Top of DATA SUPPLIED

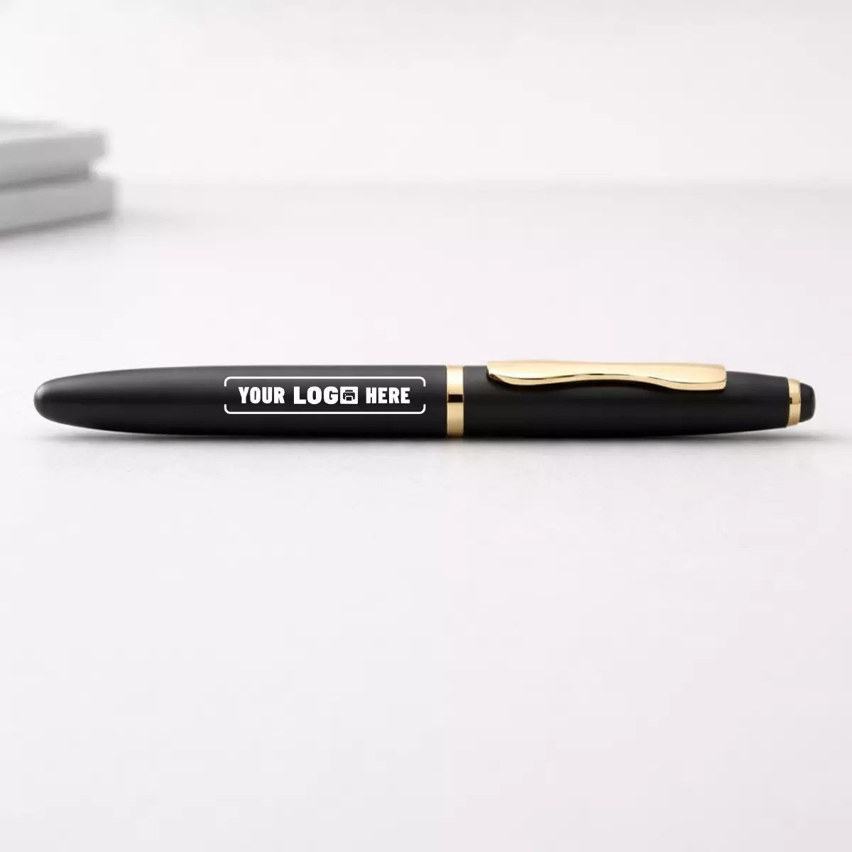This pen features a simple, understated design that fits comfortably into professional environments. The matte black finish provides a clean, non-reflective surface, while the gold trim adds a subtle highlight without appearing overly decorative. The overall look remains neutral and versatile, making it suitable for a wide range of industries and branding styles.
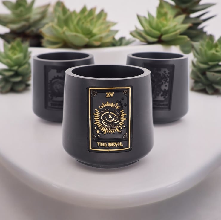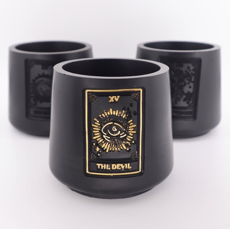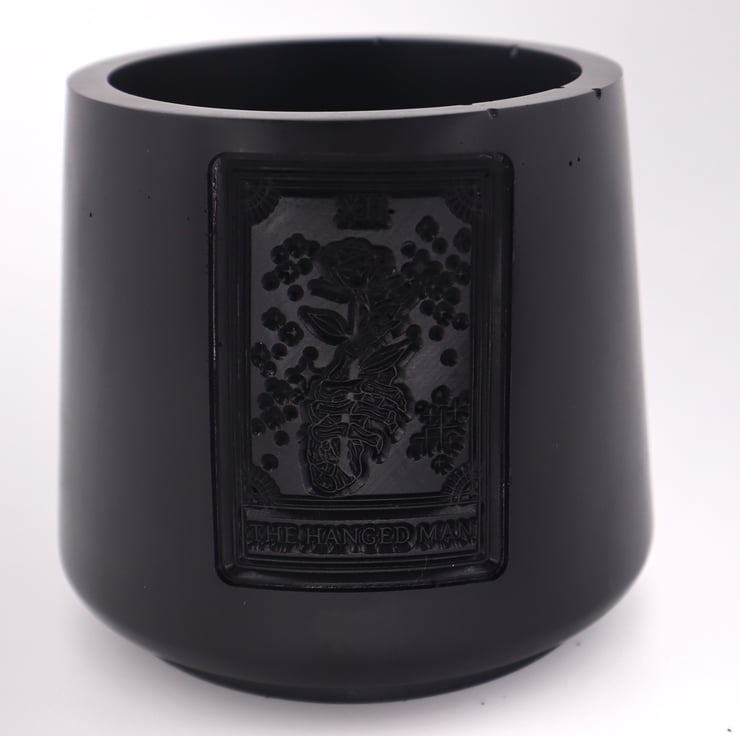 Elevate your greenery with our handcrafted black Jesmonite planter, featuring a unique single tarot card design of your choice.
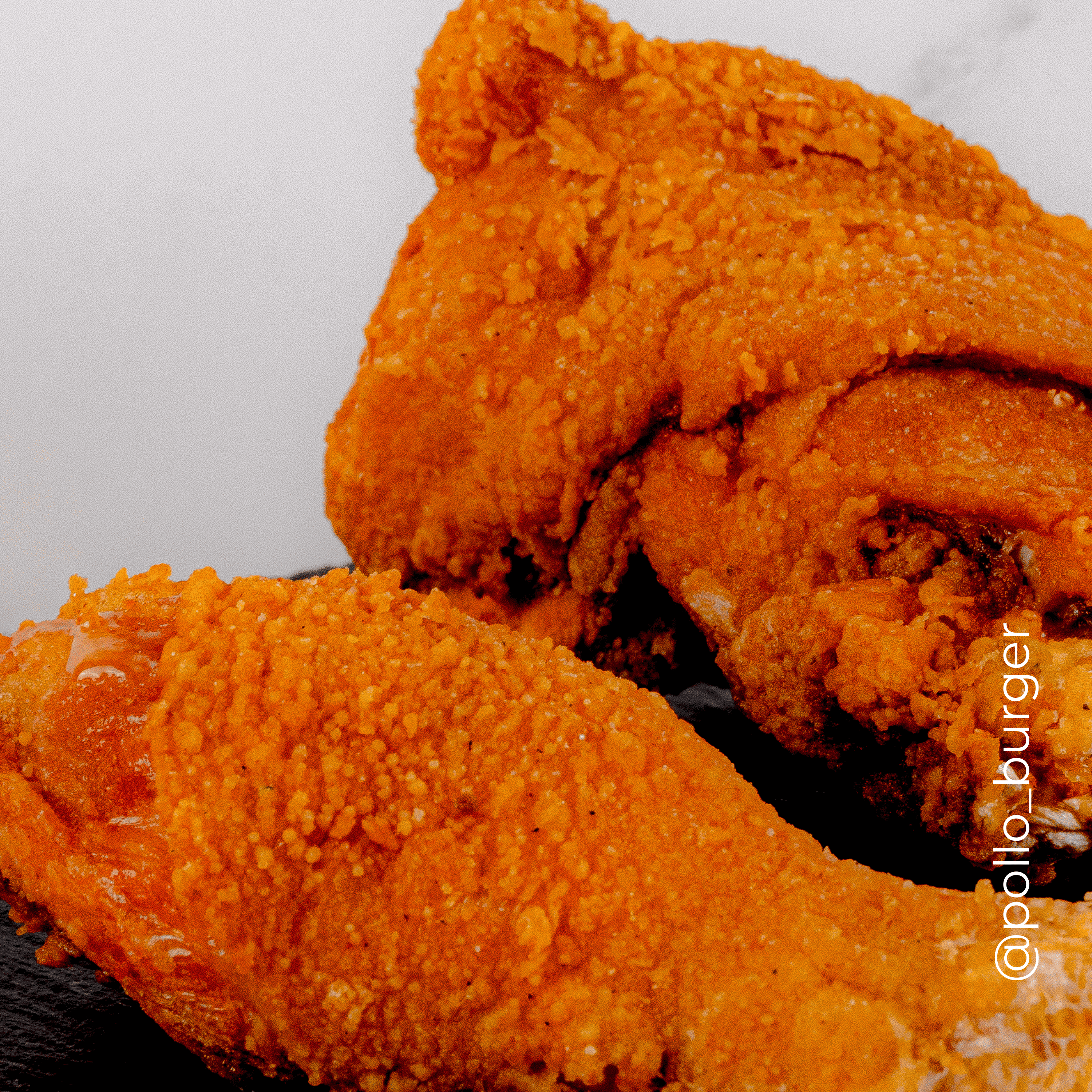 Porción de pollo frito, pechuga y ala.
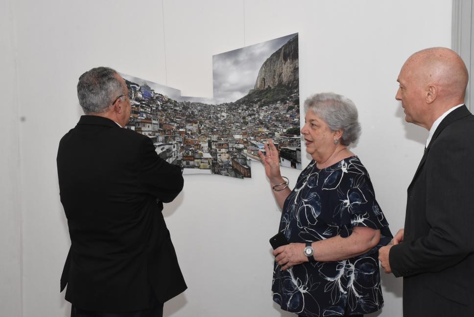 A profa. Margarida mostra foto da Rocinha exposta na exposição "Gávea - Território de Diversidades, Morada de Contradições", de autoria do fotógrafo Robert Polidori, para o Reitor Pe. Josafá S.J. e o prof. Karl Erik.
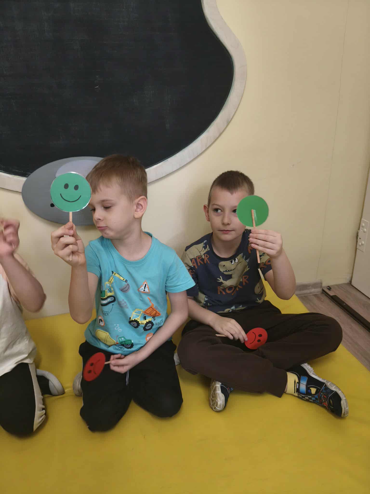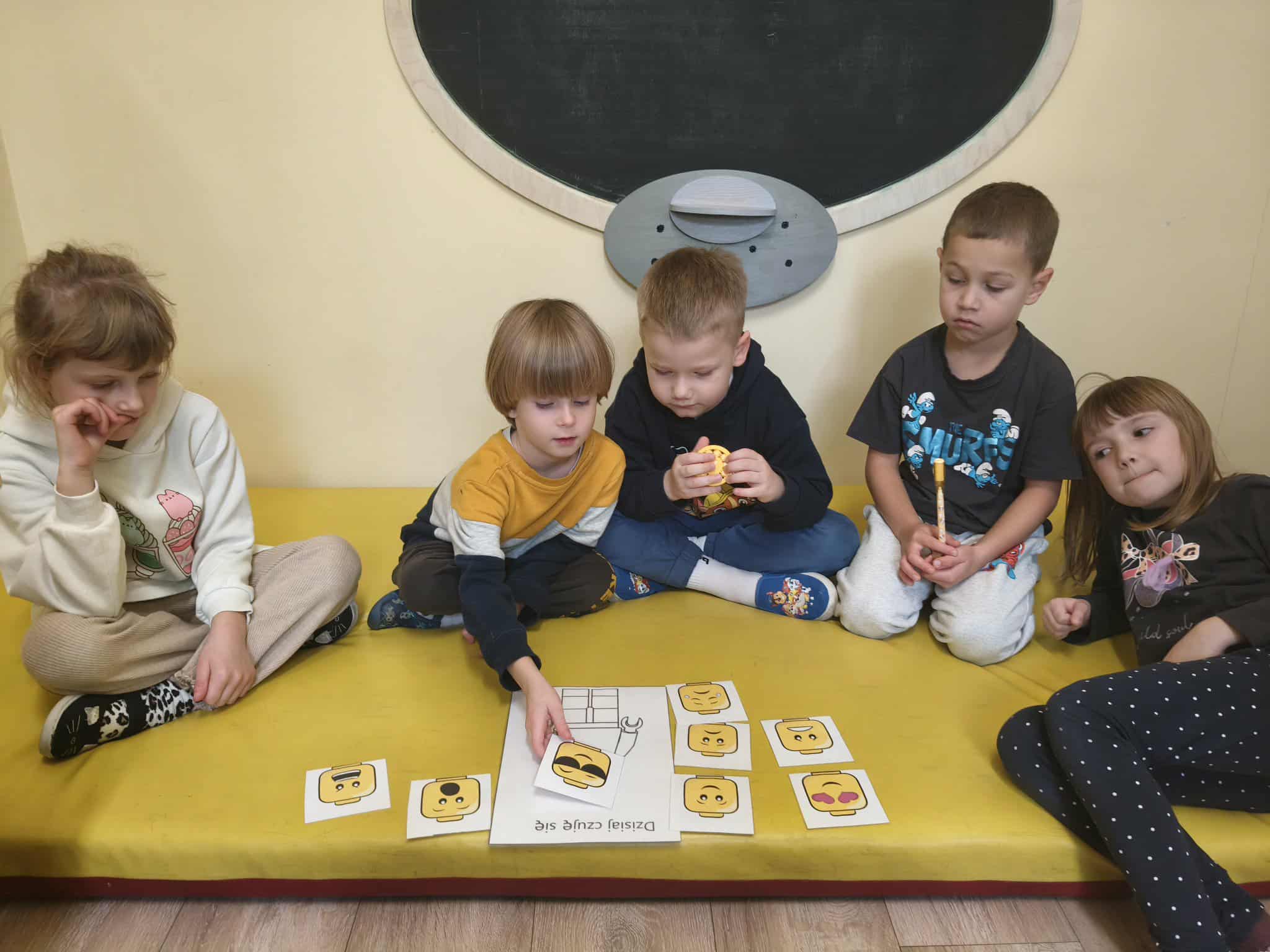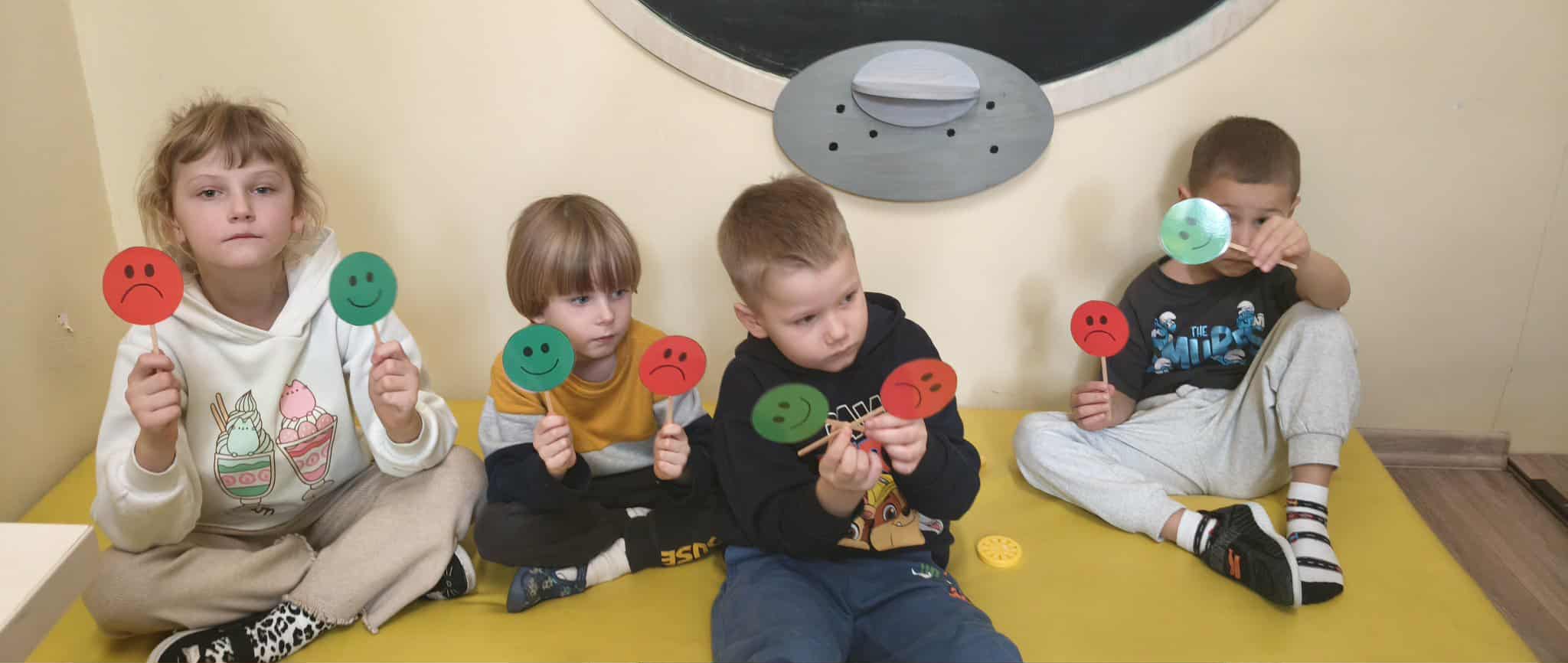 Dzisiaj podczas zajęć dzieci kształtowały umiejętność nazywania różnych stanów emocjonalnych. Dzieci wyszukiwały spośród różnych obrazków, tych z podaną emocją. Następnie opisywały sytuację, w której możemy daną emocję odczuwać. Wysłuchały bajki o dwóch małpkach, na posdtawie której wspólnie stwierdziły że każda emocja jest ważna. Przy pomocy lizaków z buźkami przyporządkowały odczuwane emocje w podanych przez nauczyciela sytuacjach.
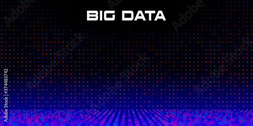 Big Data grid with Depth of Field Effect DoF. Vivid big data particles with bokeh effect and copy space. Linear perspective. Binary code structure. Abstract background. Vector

Bottom of DATA SUPPLIED

WHAT YOU WILL DO »
The reply should hold exactly the lines above, starting at the line with "Elevate your greenery" and ending at the line with "A profa. Margarida", and no pictures.

ANSWER BELOW »
 Elevate your greenery with our handcrafted black Jesmonite planter, featuring a unique single tarot card design of your choice.
 Porción de pollo frito, pechuga y ala.
 A profa. Margarida mostra foto da Rocinha exposta na exposição "Gávea - Território de Diversidades, Morada de Contradições", de autoria do fotógrafo Robert Polidori, para o Reitor Pe. Josafá S.J. e o prof. Karl Erik.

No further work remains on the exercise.